A verdade incômoda é que muitos conflitos contemporâneos têm raízes diretas na disputa por recursos naturais — petróleo, gás, lítio, água, rotas estratégicas e tecnologia. Controle energético significa poder. A democracia só é invocada quando serve a esse objetivo. Quando atrapalha, é descartada.
A história ensina que impérios não caem por falta de força militar, mas por excesso de arrogância. Roma, Espanha, Inglaterra — todos ruíram corroídos por dentro. Os Estados Unidos acumulam guerras, sanções e alianças espúrias que corroem sua autoridade moral. Isso não absolve autoritarismos rivais nem romantiza regimes opressivos de outro sinal ideológico. Obriga, porém, a romper com a narrativa infantil que divide o mundo entre “bons” e “maus” conforme a conveniência do mercado.

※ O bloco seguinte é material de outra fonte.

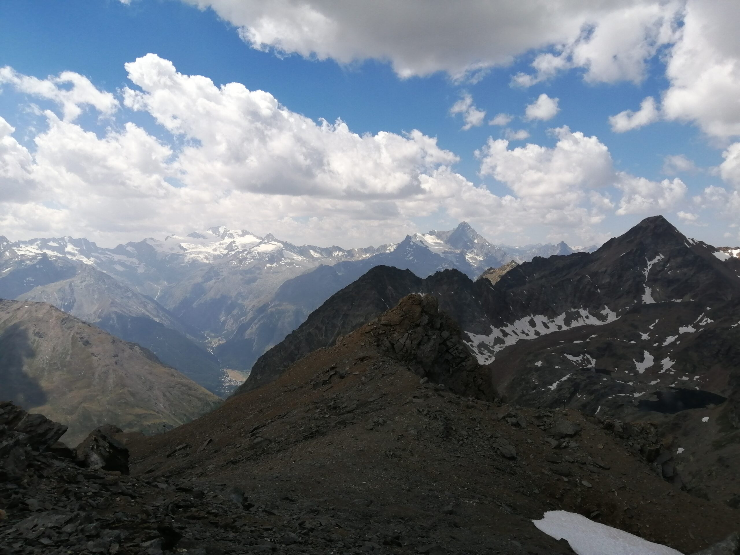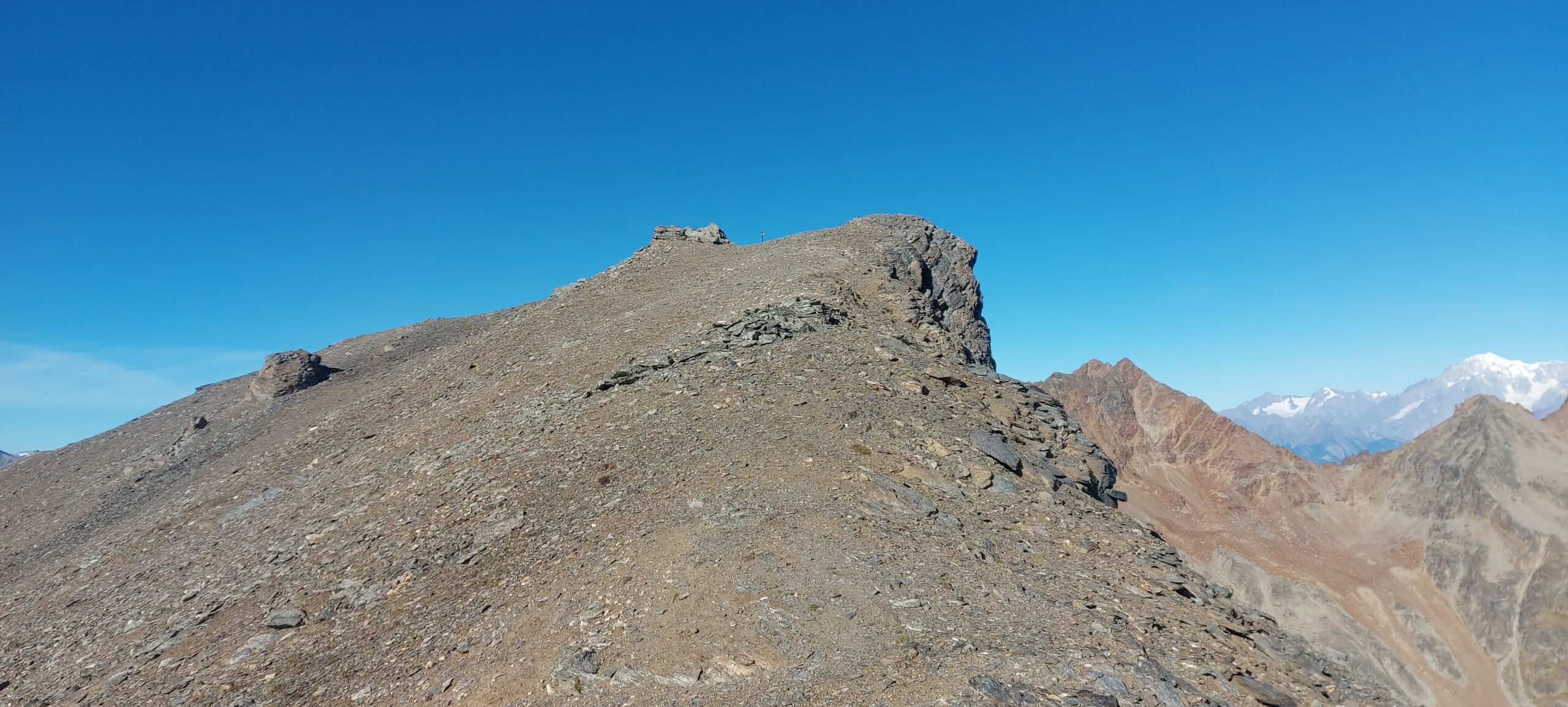 Se seguirete invece il sentiero giusto vi andrete ad infilare in un canalone che sembra non possa ospitare un sentiero; invece c’è ed è anche ottimamente segnato. Il sentiero non agevolissimo, è il n.3 e porta fino in cima al Colle di Leppe da cui si vede (parallelo al vallone di Laures) il Vallone di Saint Marcel che rappresenta un’altra via di salita (recensione presente su Gulliver). Dal colle in un’altra mezz’ora di salita si arriva sulla ampia vetta della Punta di Leppe, panoramicissima. In un paio di punti occorre mettere le mani, ma niente di che.

O maior perigo do nosso tempo não é o comunismo, nem o terrorismo, nem a China ou a Rússia. O maior perigo é a normalização de um mundo em que a lei serve aos fortes, a guerra vira virtude e a prisão seletiva substitui tribunais. Quando a força define a justiça, o problema não é a ausência de democracia — é o excesso de império. Enquanto essa lógica não for enfrentada, novos inimigos invisíveis continuarão sendo fabricados, novas guerras legitimadas, novos povos sacrificados. E, como sempre, serão os povos — e não os impérios — que pagarão o preço.